_What is expected_
Write again exactly the lines in the listing below, starting at the line with "این محصول از" and ending at the line with "日本航空(JL)の2011年", both included. Pictures are not copied.

_Data for the task_

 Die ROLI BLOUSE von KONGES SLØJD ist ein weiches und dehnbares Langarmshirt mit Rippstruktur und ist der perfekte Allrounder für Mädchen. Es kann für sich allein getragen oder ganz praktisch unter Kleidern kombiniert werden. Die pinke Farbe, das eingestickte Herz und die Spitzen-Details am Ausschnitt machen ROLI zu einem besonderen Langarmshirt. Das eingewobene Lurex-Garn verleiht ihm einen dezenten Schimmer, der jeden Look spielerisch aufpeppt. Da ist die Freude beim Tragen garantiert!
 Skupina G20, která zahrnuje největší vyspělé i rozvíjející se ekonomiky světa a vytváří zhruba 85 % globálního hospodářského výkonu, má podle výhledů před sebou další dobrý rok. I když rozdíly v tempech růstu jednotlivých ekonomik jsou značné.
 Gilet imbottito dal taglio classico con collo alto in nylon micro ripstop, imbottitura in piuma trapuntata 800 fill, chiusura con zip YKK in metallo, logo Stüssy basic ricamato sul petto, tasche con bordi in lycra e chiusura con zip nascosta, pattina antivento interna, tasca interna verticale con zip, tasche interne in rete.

---

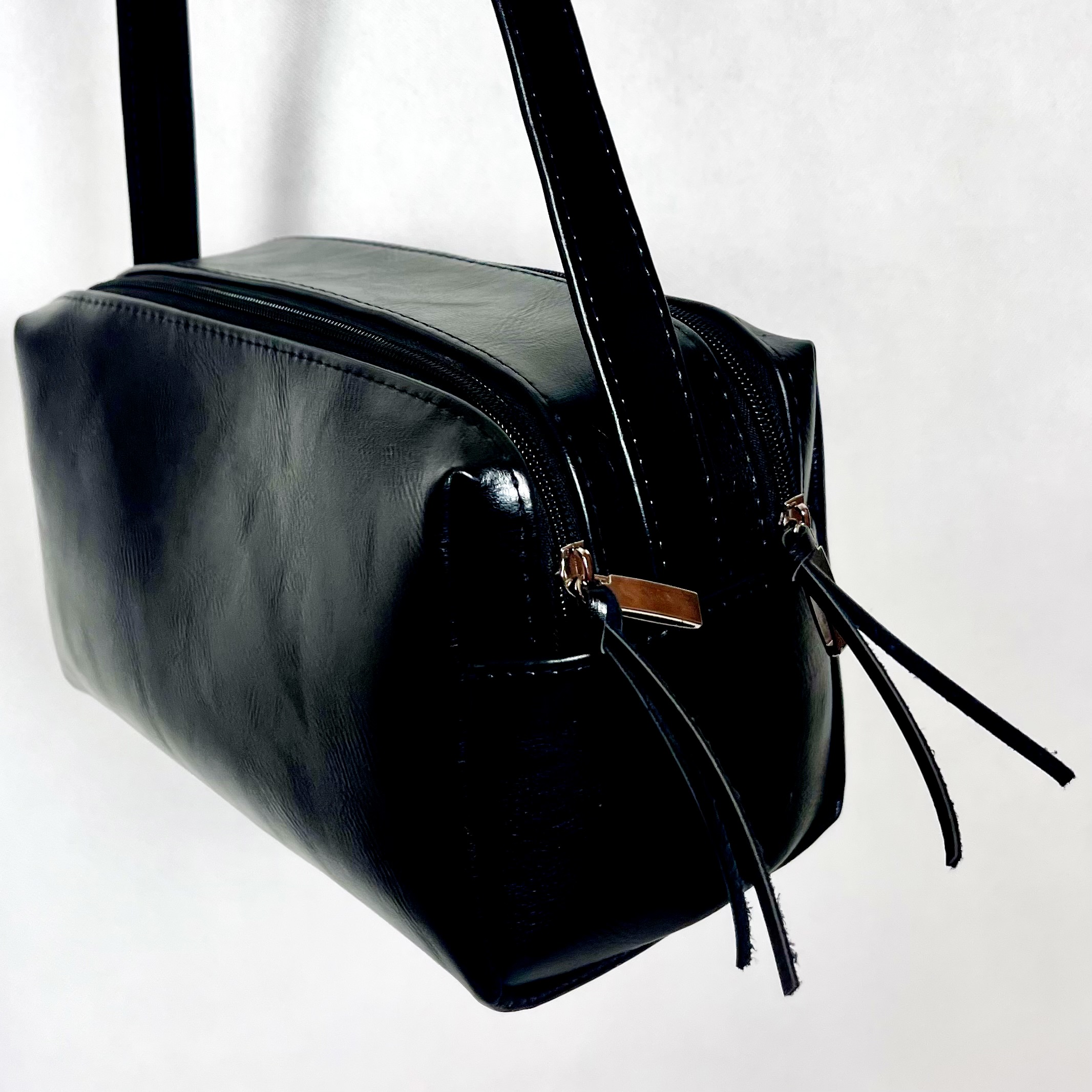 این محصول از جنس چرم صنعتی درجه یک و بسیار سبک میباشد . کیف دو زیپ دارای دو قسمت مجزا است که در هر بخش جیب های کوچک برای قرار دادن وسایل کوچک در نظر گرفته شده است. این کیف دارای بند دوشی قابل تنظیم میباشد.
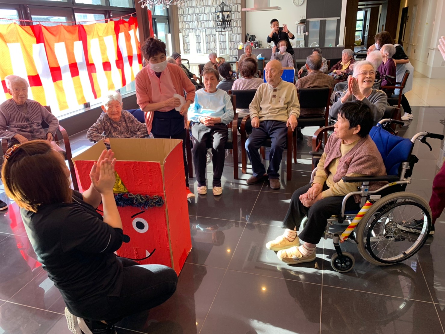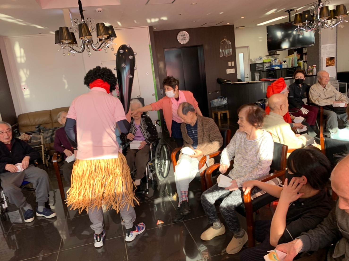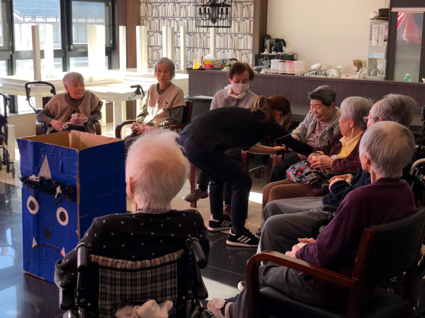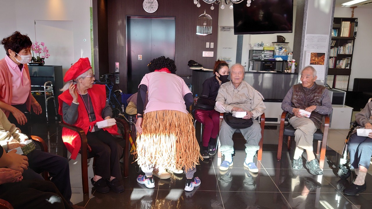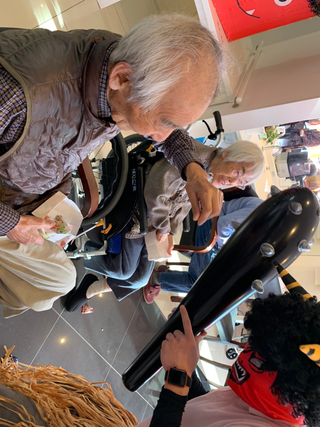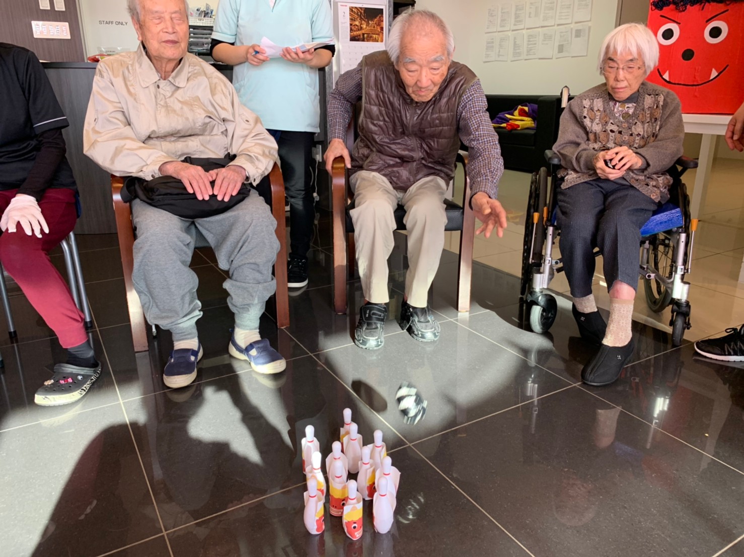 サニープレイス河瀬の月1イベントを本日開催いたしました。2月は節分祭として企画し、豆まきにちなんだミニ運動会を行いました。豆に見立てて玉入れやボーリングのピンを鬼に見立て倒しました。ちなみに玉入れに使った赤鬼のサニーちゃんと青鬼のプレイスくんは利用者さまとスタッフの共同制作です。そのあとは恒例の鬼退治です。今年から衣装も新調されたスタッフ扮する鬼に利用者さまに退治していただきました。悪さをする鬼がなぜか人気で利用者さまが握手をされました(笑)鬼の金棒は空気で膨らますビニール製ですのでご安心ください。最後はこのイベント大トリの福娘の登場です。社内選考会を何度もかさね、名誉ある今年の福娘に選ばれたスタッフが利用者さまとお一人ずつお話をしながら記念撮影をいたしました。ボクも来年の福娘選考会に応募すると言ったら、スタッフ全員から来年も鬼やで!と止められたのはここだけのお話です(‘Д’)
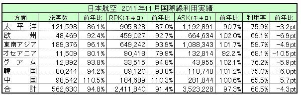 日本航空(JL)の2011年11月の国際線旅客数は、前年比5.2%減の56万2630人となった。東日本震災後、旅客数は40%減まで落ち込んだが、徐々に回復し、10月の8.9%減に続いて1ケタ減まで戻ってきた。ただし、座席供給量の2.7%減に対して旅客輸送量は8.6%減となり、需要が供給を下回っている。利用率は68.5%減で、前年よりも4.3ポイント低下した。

_Solution below_
 این محصول از جنس چرم صنعتی درجه یک و بسیار سبک میباشد . کیف دو زیپ دارای دو قسمت مجزا است که در هر بخش جیب های کوچک برای قرار دادن وسایل کوچک در نظر گرفته شده است. این کیف دارای بند دوشی قابل تنظیم میباشد.
 サニープレイス河瀬の月1イベントを本日開催いたしました。2月は節分祭として企画し、豆まきにちなんだミニ運動会を行いました。豆に見立てて玉入れやボーリングのピンを鬼に見立て倒しました。ちなみに玉入れに使った赤鬼のサニーちゃんと青鬼のプレイスくんは利用者さまとスタッフの共同制作です。そのあとは恒例の鬼退治です。今年から衣装も新調されたスタッフ扮する鬼に利用者さまに退治していただきました。悪さをする鬼がなぜか人気で利用者さまが握手をされました(笑)鬼の金棒は空気で膨らますビニール製ですのでご安心ください。最後はこのイベント大トリの福娘の登場です。社内選考会を何度もかさね、名誉ある今年の福娘に選ばれたスタッフが利用者さまとお一人ずつお話をしながら記念撮影をいたしました。ボクも来年の福娘選考会に応募すると言ったら、スタッフ全員から来年も鬼やで!と止められたのはここだけのお話です(‘Д’)
 日本航空(JL)の2011年11月の国際線旅客数は、前年比5.2%減の56万2630人となった。東日本震災後、旅客数は40%減まで落ち込んだが、徐々に回復し、10月の8.9%減に続いて1ケタ減まで戻ってきた。ただし、座席供給量の2.7%減に対して旅客輸送量は8.6%減となり、需要が供給を下回っている。利用率は68.5%減で、前年よりも4.3ポイント低下した。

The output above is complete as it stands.